The last and most tragic association with small dog breeds comes from those that have been adopted or fostered. While it’s impossible to find the underlying issue of their anxiety it’s sufficient to say there could have been some mistreated behaviors or neglect. People often purchase small dog breeds thinking they are less work than bigger dog breeds and easily adapt as a house pet. This couldn’t be furthest from the truth. Small dog breeds need lots of attention. When adopting small breeds it is noted that they tend to have more anxiety than bigger dogs. But this doesn’t mean they are less deserving. Two of my besties adopted a little guy that was shy and meek upon first joining the family. They already had a large dog breed. When they took in their new furry baby they didn’t treat him any different than the large dog breed. Flash forward to the present day and this little dog breed is actually the leader of the pack, and so happy in his new environment that the shakes and shyness are gone and the tail wagging is never-ending.

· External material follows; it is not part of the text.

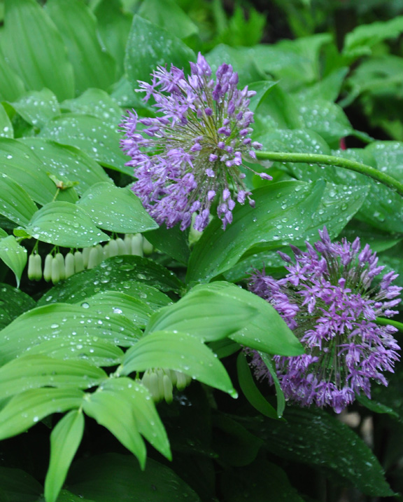 1. Large Hosta 2. Mayapple, Podophyllum 3. Japanese Painted Fern, Athyrium 4. Japanese Ghost Painted Fern, Athyrium X 'Ghost' 5. Epimedium 6. Bugleweed, Ajuga 7. Coral Bells, Heuchera
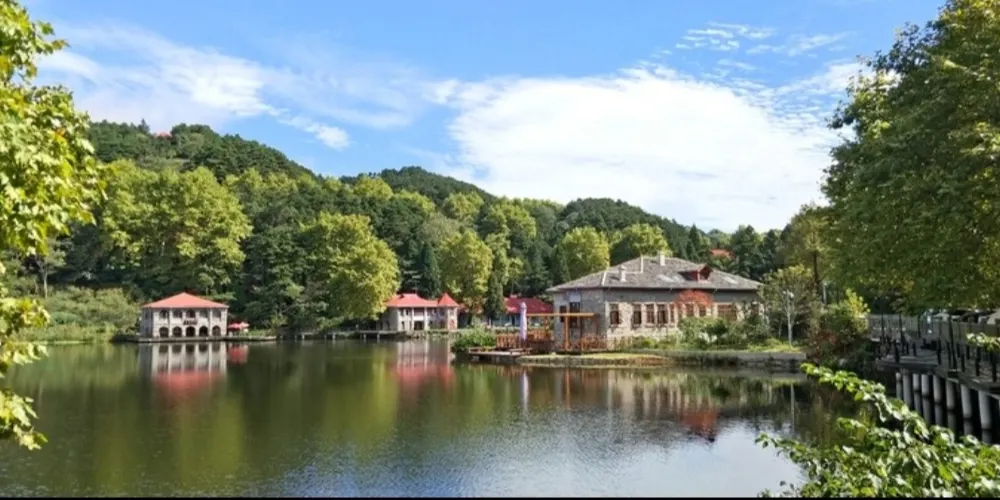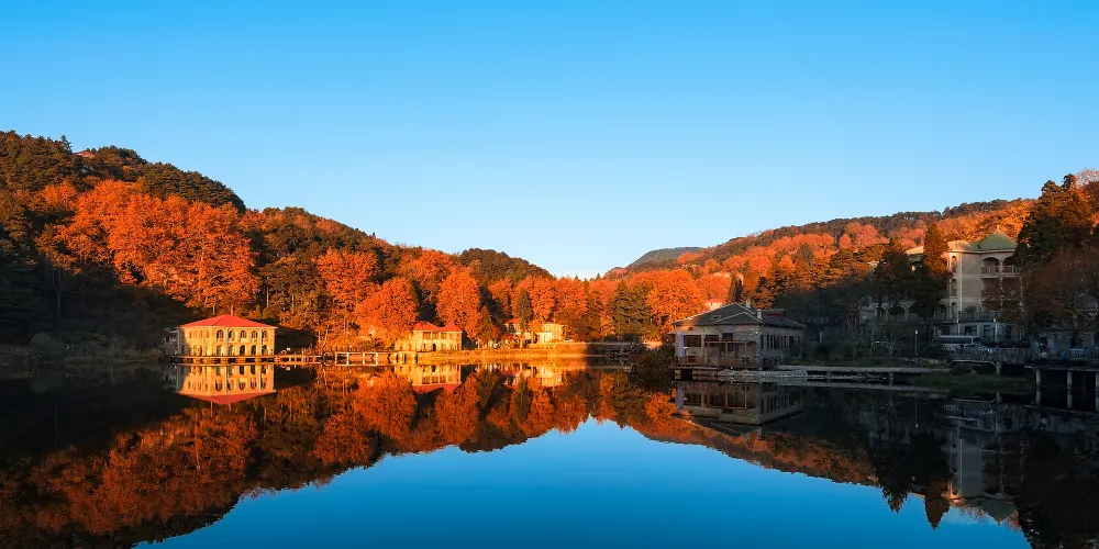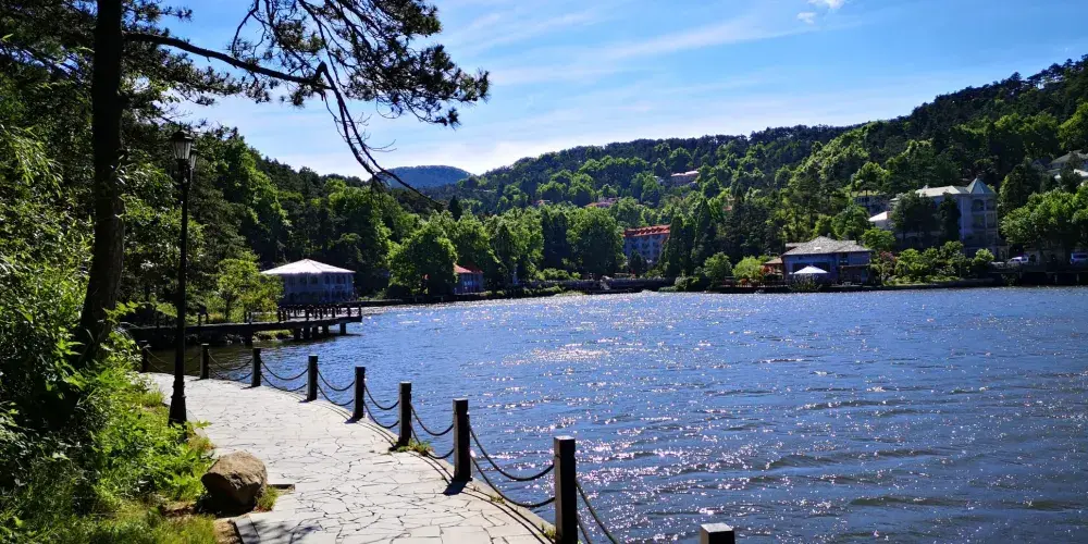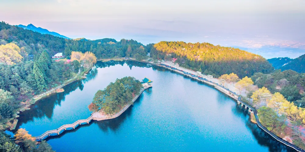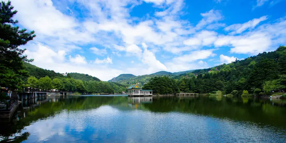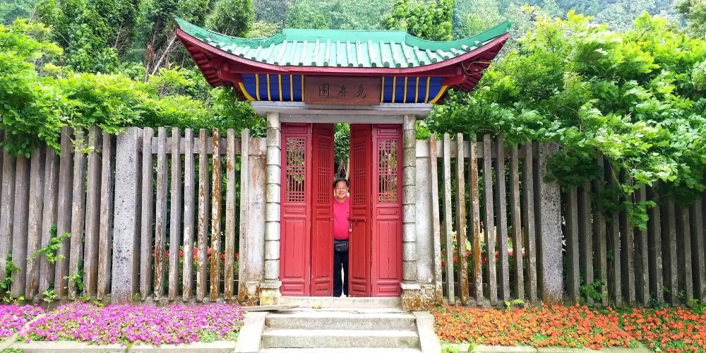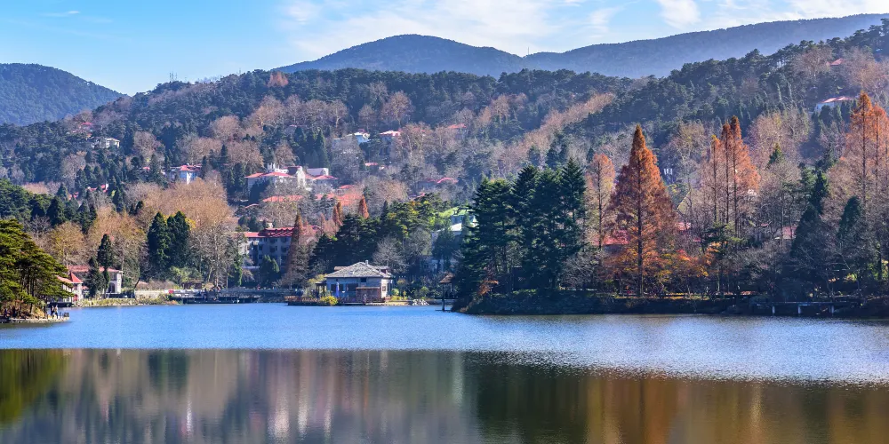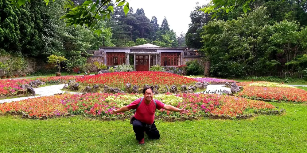 沿著大林路步行至廬山花徑,順路可見冰川遺跡-冰桌巨石,又叫飛來石。廬山花徑相傳是唐代詩人白居易詠詩《大林寺桃花》的地方。傳說,白居易被貶任江州(九江)司馬時,曾來廬山遊覽,當時正值暮春,白居易有感於山下桃花已落而此處桃花仍盛開,故人們也稱此地為“白司馬花徑”,並建造了“景白亭”。

So upon concluding our study, and without judgment to small dog breeds that may experience some natural anxiety, it’s safe to say that most anxieties in small dog breeds are built-in training and obedience, receptive stress with their owner, and a small dog defense mechanism. All of these can be eliminated through training and reinforcing positive behavior. Small dog syndrome is not something down-bred into its size, and it’s not an inherited trait. Although studies show it may be a body size defense mechanism, studies also show it can be overcome with early socialization. Small Dog Syndrome is literally seen as a teachable moment, not an inherited mishap.

As my animal control officer, dog whisper, best friend would say…

“Every moment is a teachable moment.”